Despite, all these crises, we somehow carry on. The upshot of the bird flu crisis is that chicken and eggs are more expensive and less tasty. The upshot of the water crisis is pinkish baths for LE that smell faintly of blood, and a higher water bill. The upshot of all the snow crises is that this past winter, when I spent most days on the sofa nursing LE, I'd already seen every BBC home improvement and antiques show at least once, and knew how they ended.

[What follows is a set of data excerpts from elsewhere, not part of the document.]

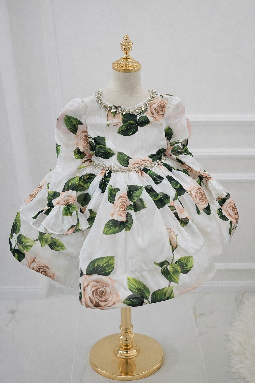Elegantna i romantična haljina za devojčice u nežnoj beloj boji sa printom ruža i bogatom suknjom punog volumena. Model je ukrašen dekorativnim kristalnim detaljima oko vrata i struka, dok zadnju stranu krasi velika puder roze mašna koja daje poseban, svečani efekat. Haljina je idealan izbor za rođendane, venčanja, krštenja i sve posebne prilike kada želite da vaša devojčica izgleda nežno, luksuzno i drugačije.
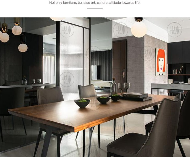 - EMMETT Dining Table Solid Wood Nordic Style Retro wrought iron leg with solid wood top dining table . Design in simple modern style. Come in rectangular shape great for dining table, home, restaurant and as a conference table.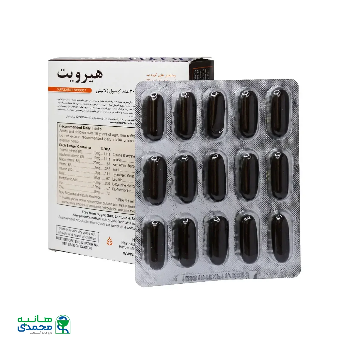 قرص هیرویت مواد مغذی و حیاتی را برای داشتن موهایی قوی، ضخیم و براق فراهم می‌کند و مانع از ریزش موهایتان خواهد شد، چرا که این مکمل منحصر به فرد سرشار از ویتامین‌های B ، املاح معدنی از جمله زینک، آهن و اسیدهای آمینه ضروری است.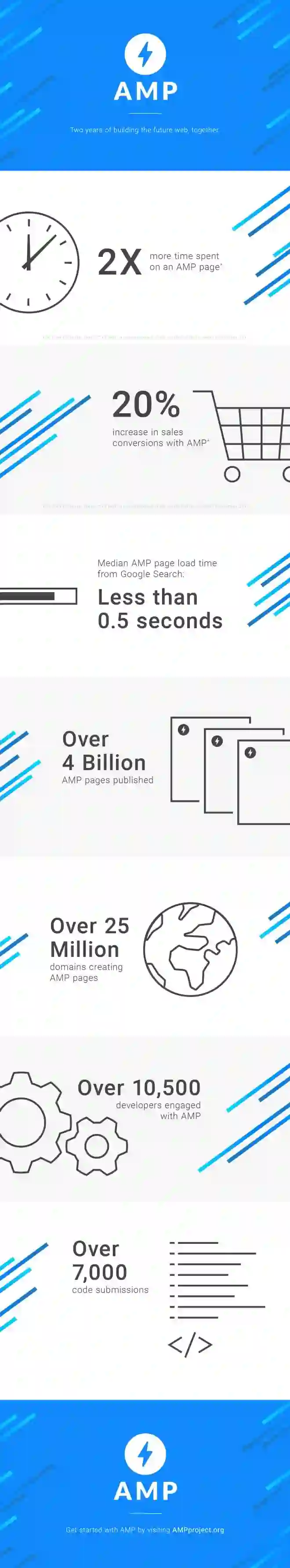 一个 AMP 网页从 Google 搜索加载的时间中间值不到半秒。AMP 目前的影响令人激动,但还有更多工作等着我们一起去完成。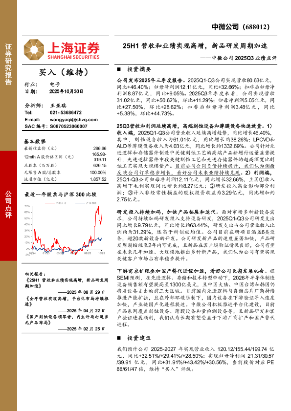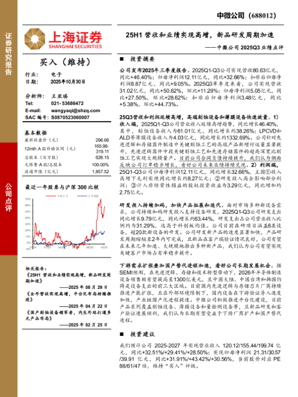 【上海证券】【202510】25H1营收和业绩实现高增,新品研发周期加速——中微公司 2025Q3业绩点评-4页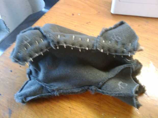 Finalmente conecté detrás y la parte inferior (no se olvide a coser en la cola en este paso), pero a la izquierda los extremos de las patas y el cuello abierto.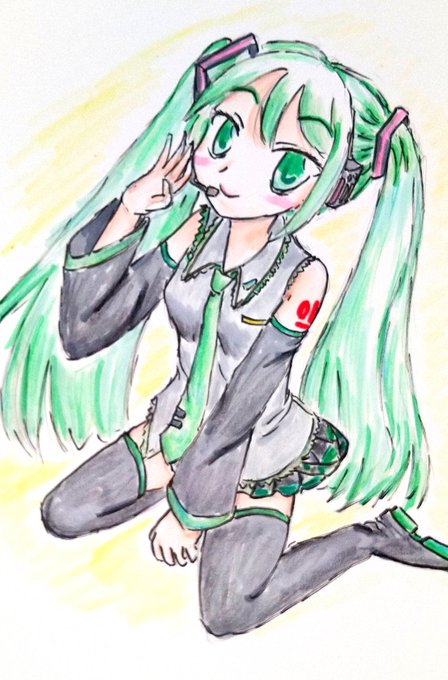 #ミクの日 だと言うことで便乗して描きました オリキャラ以外で描いたの久しぶりだな #初音ミク #アナログイラスト #芸術同盟 #イラスト通り

I think the important thing is to remember not to get sucked into all these crises.


melissa said...

Hmm, sitting around nursing was how I spent my winter too, and that was without a snow crisis.
And I really hope that the boy was NOT playing with the dead cat. What exactly would one do with a dead cat anyway? Dress it up? Make youtube videos like the one Bri recently posted?

Stranger said...

I'm pretty sure the story about the boy and the dead cat was made up, either by the media or by MIL. Either that, or a village boy died, and the villagers were unclear as to why, but were caught up in the bird flu panic, which made them forget that the boy probably died from going outside with wet hair or from not wearing his undershirt. I think, in fact, no one in Turkey actually died, or even got sick form bird flu.

The only thing I can think of to do with a dead cat is poke it with a stick. Or maybe have a Tom Sawyer-esque moment of waving it over your head to cure warts?